The tail part includes the beginning point of an execution but ends at any arbitrary point, so we can calculate the maximum number of bus requests of the tail part similarly to that of the head part.

$$f_i^T(t_T) = \max_{j \in paths(\tau_i)} ARH_i^j(\min\{t_T, C_i^j\})$$
 (10)

Eq. (4) assumes that the head (tail) part includes the end (beginning) of an execution. If t is smaller than  $T_i$ , there might be less than one entire execution during t. In this case, the assumption of Eq. (4) is broken, so we need to analyze  $BR_i(t)$  in a different way. Once we consider the time interval that starts and ends at an arbitrary point of an execution as shown in Figure 1(b),  $BR_i(t)$  can be found as:

$$BR_i(t) = \max_{j \in paths(\tau_i), 0 \le s \le C_i} ARH_i^j(\min\{s + t, C_i^j\}) - ARL_i^j(s)$$
(11)

Finally, we can calculate  $BR_i(t)$  in the following ways: if  $t \geq T_i$ , use the result of Eq. (4); and if  $t < T_i$ , choose the maximum value between Eq. (4) and Eq. (11).

#### V. CONCLUSIONS AND FUTURE WORK

We have presented an approach for finding an upper bound on the extra execution of a task due to contention on the interconnection network between processor cores and memory in a COTS-based multicore system. To the best of our knowledge, the problem of analyzing such extra execution time was previously unsolved. Now, we are taking measurements of real programs and using them to build a model of the bus request pattern for each program.
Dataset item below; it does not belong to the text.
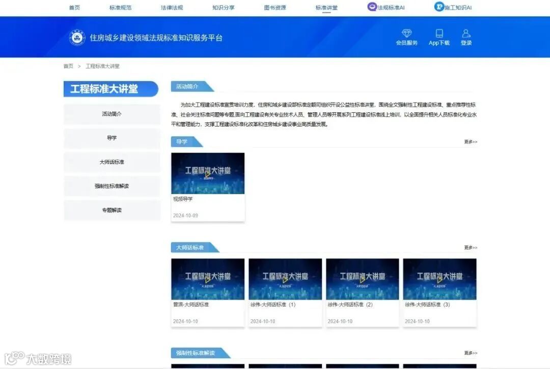 打开住房城乡建设领域法规标准知识服务平台(网址为:www.kscecs.com),点击网站首页顶部入口,即可直接进入“工程标准大讲堂”观看课程。

When we finish it, we take measurements of the response time of programs to test if our proposed methods for calculating an upper bound on the extra execution time of a task is valid in practice.
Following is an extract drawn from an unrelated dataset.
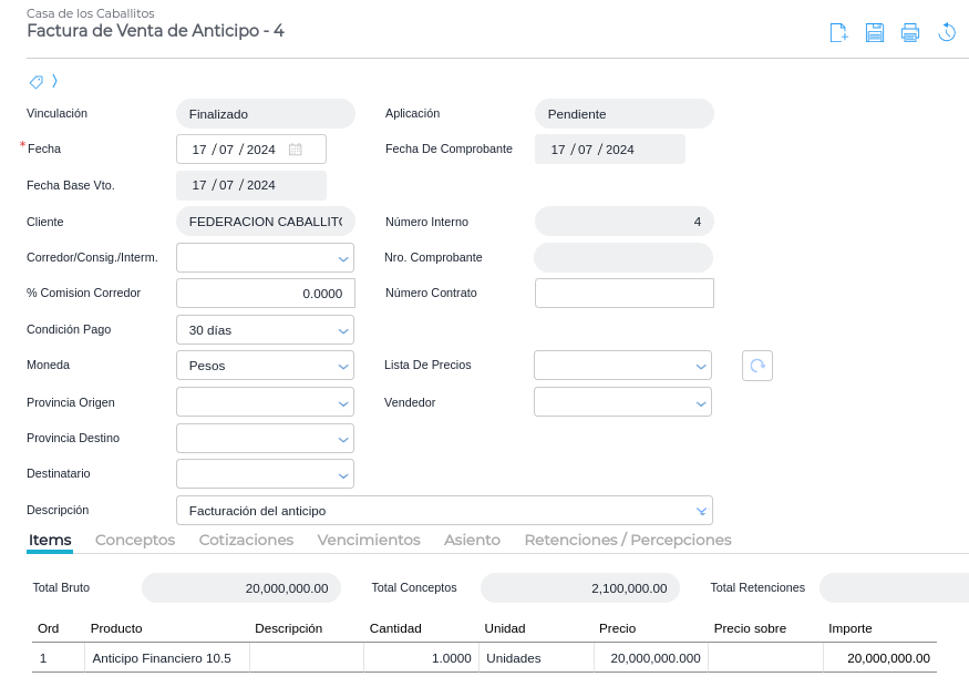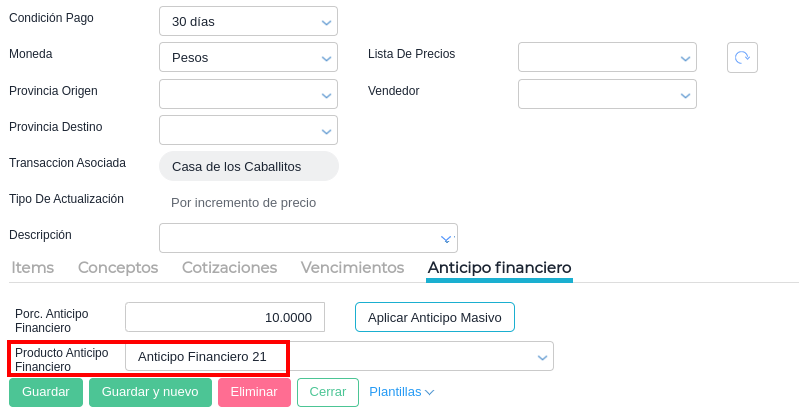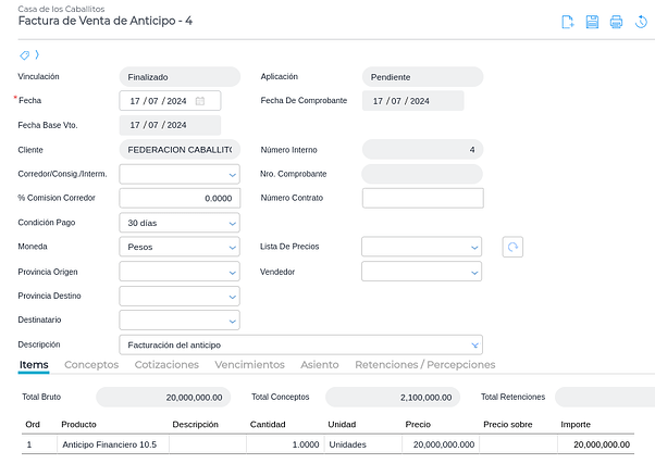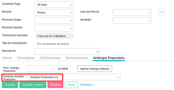 Nótese que el Anticipo Financiero se descuenta automáticamente en la Factura:

This paper is a starting point of considering the effect of bus contention for real-time tasks on multicores, and thus there are many potential research issues. Our future work includes (i) allowing preemptive scheduling, (ii) analyzing switched interconnection networks, (iii) avoiding the pessimism resulting from each task being analyzed individually (that is, task  $\tau_1$  has to wait for all bus transactions from  $\tau_2$ , and task  $\tau_2$  has to wait for all bus transactions from  $\tau_1$ .), and (iv) developing processor scheduling algorithms that facilitate the analysis of the memory bus contention.

#### REFERENCES

- [1] S. Williams, A. Waterman, and D. Patterson, "Roofline: an insightful visual performance model for multicore architectures," *Communications of the ACM*, vol. 52, no. 4, pp. 65–76, 2009.
- [2] K. D. Bosschere, W. Luk, X. Martorell, N. Navarro, M. OBoyle, D. Pnevmatikatos, A. Ramirez, P. Sainrat, A. Seznec, P. Stenström, and O. Temam, "Challenge 2.2 in high-performance embedded architecture and compilation roadmap," in *Transactions on HiPEAC*, 2007, pp. 5–29.
- [3] J. Rosén, A. Andrei, P. Eles, and Z. Peng, "Bus access optimization for predictable implementation of real-time applications on multiprocessor systems-on-chip," in *Proc. of IEEE Real-Time Systems Symposium*, 2007, pp. 49–60.
- [4] L. Steffens, M. Agarwal, and P. van der Wolf, "Real-time analysis for memory access in media processing SoCs: A practical approach," in *Proc. of Euromicro Conference on Real-Time Systems*, 2008, pp. 255–265.
- [5] T. Lundqvist and P. Stenström, "Timing anomalies in dynamically scheduled microprocessors," in *Proc. of IEEE Real-Time* Systems Symposium, 1999, pp. 12–21.
- [6] G. Laurent, N. Rivierre, and M. Spuri, "Preemptive and nonpreemptive real-time uniprocessor scheduling," Tech. Rep., 1996.
- [7] S. K. Baruah, "A general model for recurring real-time tasks," in *Proc. of IEEE Real-Time Systems Symposium*, 1998, pp. 114–122.

#### Acknowledgements

This work was partially supported by ARTISTDesign Network of Excellence on Embedded Systems Design, funded by the European Commission under FP7 with contract number ICT-NoE-214373, the Portuguese Science and Technology Foundation (Fundação para Ciência e Tecnologia - FCT), IT R&D program of MKE/KEIT of Korea [2009-KI002090, Development of Technology Base for Trustworthy Computing], National Research Foundation of Korea (2009-0086964), and KAIST ICC, KIDCS, KMCC, and OLEV grants. This paper has been produced partially in a time when we have had general bus-contention discussions with Stefan Petters and Dakshina Dasari.